Work task
Below are the records; print exactly the lines from the one with "接客を担当するちふゆさんは、" through the last, both included, and leave the pictures out.

Provided material
____________________

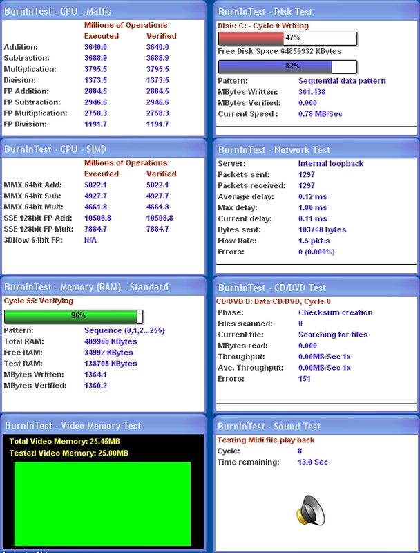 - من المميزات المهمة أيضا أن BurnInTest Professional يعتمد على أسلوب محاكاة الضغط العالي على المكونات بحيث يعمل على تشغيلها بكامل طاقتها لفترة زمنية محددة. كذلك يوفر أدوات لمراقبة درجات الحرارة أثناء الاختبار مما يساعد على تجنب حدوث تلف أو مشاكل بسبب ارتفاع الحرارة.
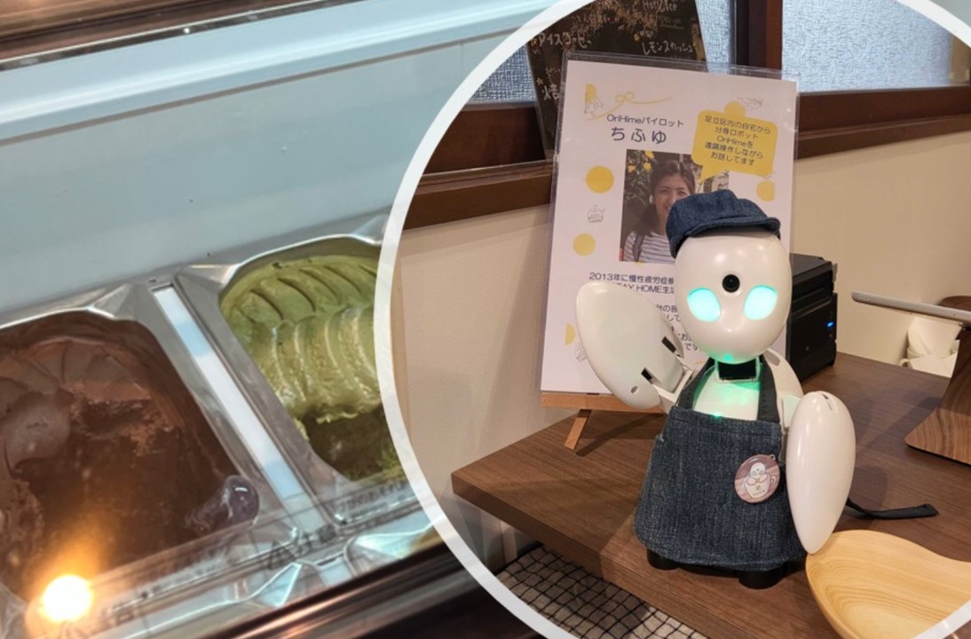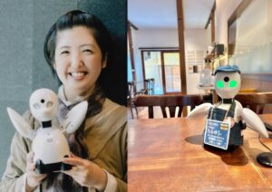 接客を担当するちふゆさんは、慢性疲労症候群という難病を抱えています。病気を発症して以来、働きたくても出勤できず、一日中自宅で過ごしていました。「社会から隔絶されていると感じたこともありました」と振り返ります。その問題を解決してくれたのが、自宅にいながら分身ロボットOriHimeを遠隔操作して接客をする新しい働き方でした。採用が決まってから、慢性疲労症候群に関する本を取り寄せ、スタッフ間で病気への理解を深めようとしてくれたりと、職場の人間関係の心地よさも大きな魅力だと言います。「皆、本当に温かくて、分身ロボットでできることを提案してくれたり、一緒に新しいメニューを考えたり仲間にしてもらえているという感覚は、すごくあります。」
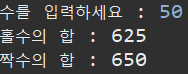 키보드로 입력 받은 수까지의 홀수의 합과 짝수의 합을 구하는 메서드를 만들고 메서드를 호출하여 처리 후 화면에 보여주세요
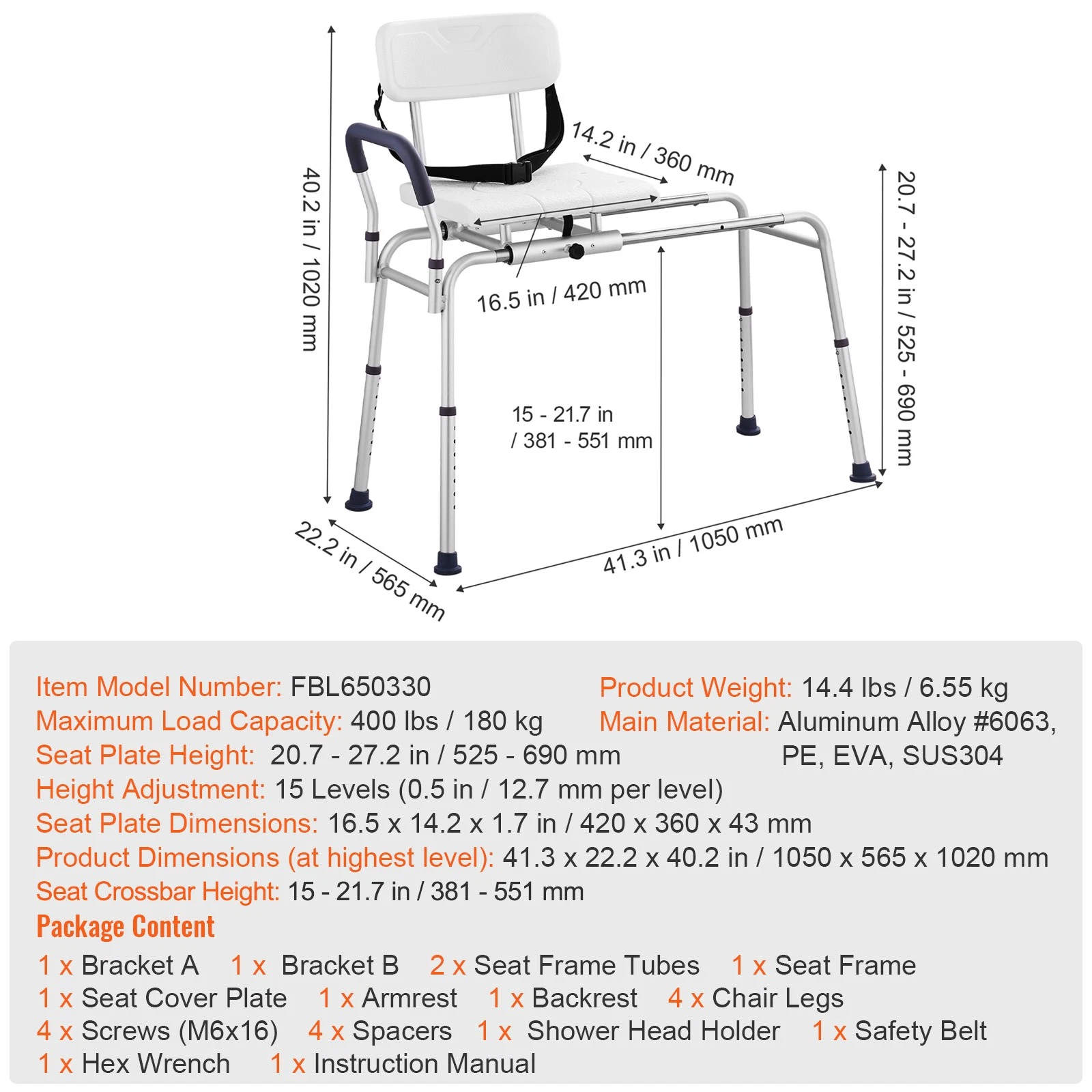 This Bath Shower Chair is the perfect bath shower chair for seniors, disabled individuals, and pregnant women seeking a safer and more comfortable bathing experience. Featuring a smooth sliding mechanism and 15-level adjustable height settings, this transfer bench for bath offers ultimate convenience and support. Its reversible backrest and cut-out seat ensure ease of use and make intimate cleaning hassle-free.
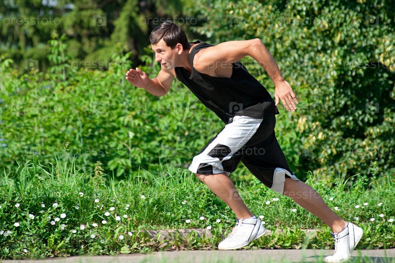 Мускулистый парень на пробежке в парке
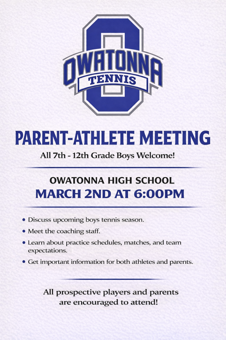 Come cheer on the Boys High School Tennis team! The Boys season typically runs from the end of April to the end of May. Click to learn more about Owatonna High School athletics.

____________________

Task response
 接客を担当するちふゆさんは、慢性疲労症候群という難病を抱えています。病気を発症して以来、働きたくても出勤できず、一日中自宅で過ごしていました。「社会から隔絶されていると感じたこともありました」と振り返ります。その問題を解決してくれたのが、自宅にいながら分身ロボットOriHimeを遠隔操作して接客をする新しい働き方でした。採用が決まってから、慢性疲労症候群に関する本を取り寄せ、スタッフ間で病気への理解を深めようとしてくれたりと、職場の人間関係の心地よさも大きな魅力だと言います。「皆、本当に温かくて、分身ロボットでできることを提案してくれたり、一緒に新しいメニューを考えたり仲間にしてもらえているという感覚は、すごくあります。」
 키보드로 입력 받은 수까지의 홀수의 합과 짝수의 합을 구하는 메서드를 만들고 메서드를 호출하여 처리 후 화면에 보여주세요
 This Bath Shower Chair is the perfect bath shower chair for seniors, disabled individuals, and pregnant women seeking a safer and more comfortable bathing experience. Featuring a smooth sliding mechanism and 15-level adjustable height settings, this transfer bench for bath offers ultimate convenience and support. Its reversible backrest and cut-out seat ensure ease of use and make intimate cleaning hassle-free.
 Мускулистый парень на пробежке в парке
 Come cheer on the Boys High School Tennis team! The Boys season typically runs from the end of April to the end of May. Click to learn more about Owatonna High School athletics.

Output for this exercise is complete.